Is napping bad for you?

Unfortunately, it is often the case that the most enjoyable things in life are also the worst for you. Sweets, coffee, alcohol; the list seems endless. One of the most enjoyable things in life (at least for a student), is a cheeky nap after a particularly trying lecture. However, is it good for you?

There is conflicting evidence surrounding the concept of napping – some suggest that a brief siesta after your 9am lecture could help you lose weight and even boost brain activity, whereas others think that too many naps could increase an individual’s risk of developing Type 2 diabetes. So, which is the truth?

A study conducted at the University of Tokyo in Japan found that those who napped for longer than an hour per day were 45% more likely to contract Type 2 diabetes than those who did not nap or who napped for less than an hour. Despite this seemingly damning evidence, all is not lost for those who enjoy a longer snooze.
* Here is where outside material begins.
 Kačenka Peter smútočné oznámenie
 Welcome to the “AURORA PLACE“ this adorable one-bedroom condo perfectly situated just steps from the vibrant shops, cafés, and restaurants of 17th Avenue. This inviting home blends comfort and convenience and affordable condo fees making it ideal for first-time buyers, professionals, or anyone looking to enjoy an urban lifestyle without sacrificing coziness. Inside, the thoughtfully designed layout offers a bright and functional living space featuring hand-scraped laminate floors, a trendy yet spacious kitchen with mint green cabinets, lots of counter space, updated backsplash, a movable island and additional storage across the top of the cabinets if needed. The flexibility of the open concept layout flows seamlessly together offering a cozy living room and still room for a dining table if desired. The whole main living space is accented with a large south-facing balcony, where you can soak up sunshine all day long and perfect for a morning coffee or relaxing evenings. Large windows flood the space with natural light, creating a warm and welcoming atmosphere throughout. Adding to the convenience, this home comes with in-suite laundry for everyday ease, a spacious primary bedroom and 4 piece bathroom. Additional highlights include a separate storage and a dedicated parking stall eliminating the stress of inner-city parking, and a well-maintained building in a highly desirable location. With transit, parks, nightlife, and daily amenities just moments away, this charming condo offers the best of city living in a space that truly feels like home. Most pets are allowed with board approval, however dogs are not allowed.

It is very likely that the data gathered by the Japanese research team could have been influenced by external factors not recorded in the distributed questionnaire – in fact, it is almost certain. A more recent research project presented at the European Association for the Study of Diabetes suggested that the correlation between obesity and napping is likely to have influenced the apparent link to diabetes. They argued that the existing obesity epidemic and not the act of napping itself was to blame for the raised diabetes risk.
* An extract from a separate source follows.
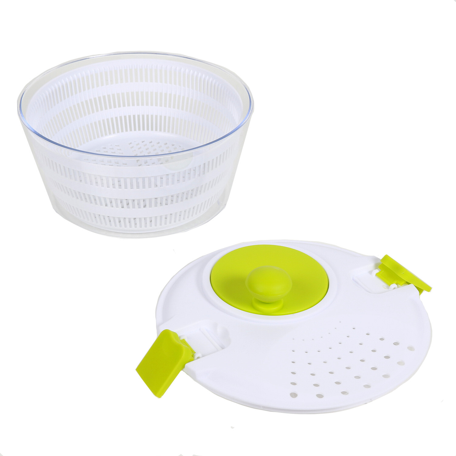 The 2-in-1 Salad Spinner can be used as a washing bowl and a drainer to dry the leaves. It features an outer bowl with a removable internal basket and a lockable lid which fits around the outer bowl for secure use. The rotation mechanism is easy to use and spins the internal basket to help remove excess moisture. With a large capacity, it's ideal for salad leaves, vegetables, and fruits.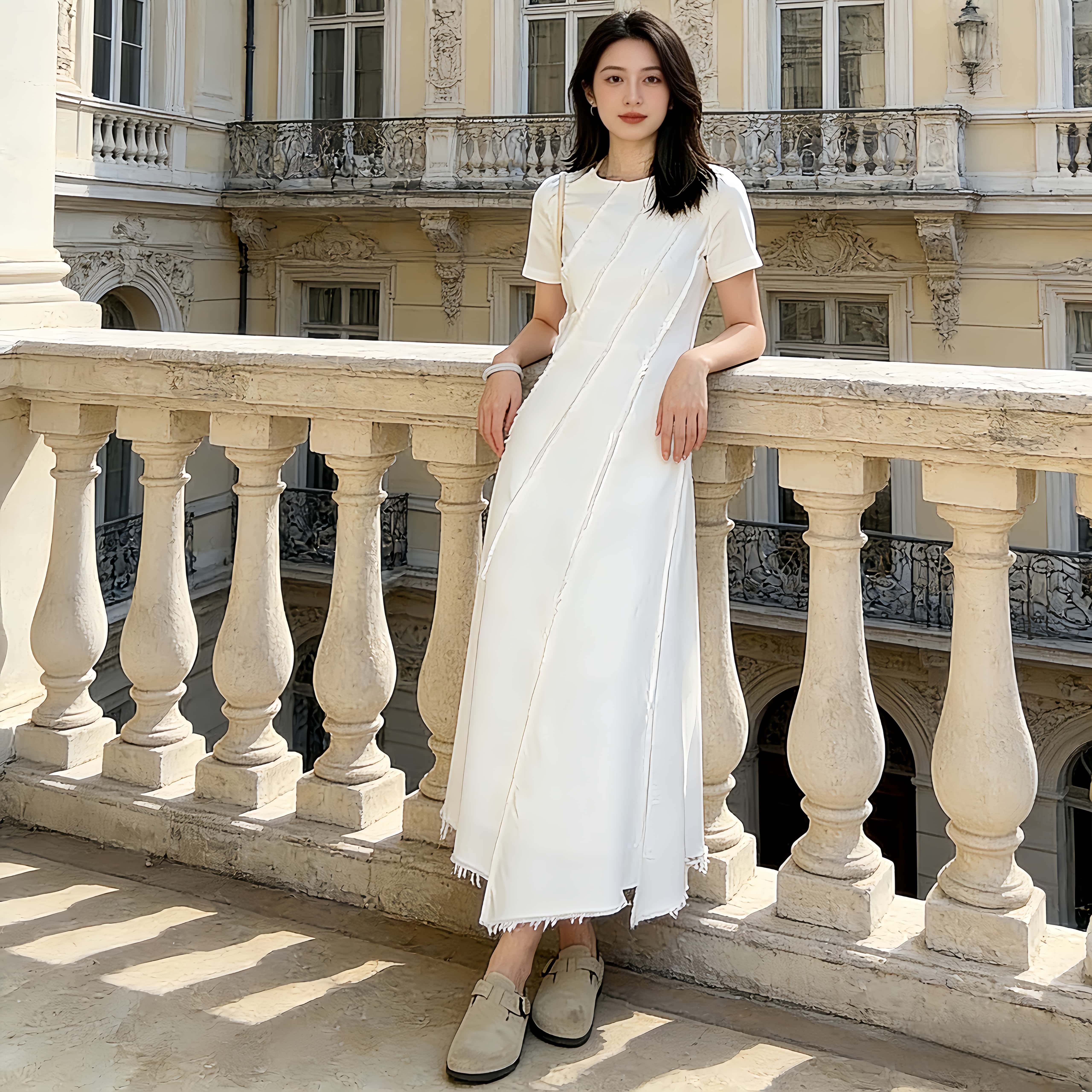 BY15168# 法式白色短袖气质连衣裙女简约收腰显瘦不规则拼接连衣裙 服裝批發女裝批發服飾貨源

The claim that napping can help with weight loss can also be swiftly debunked: on average, people who sleep around 5 hours per night tend to gain less than 2kg of weight per year, which is on par with those who sleep around 7 hours per night.

After examining both sides of the argument, it appears that napping is a fairly neutral pastime. When the evidence is weighed up, the correlations between extra sleep and the proposed health benefits and/or detriments seem to be built on rather spurious connections, vastly influenced by external variables. Finally, a pleasure that can be enjoyed sans-guilt.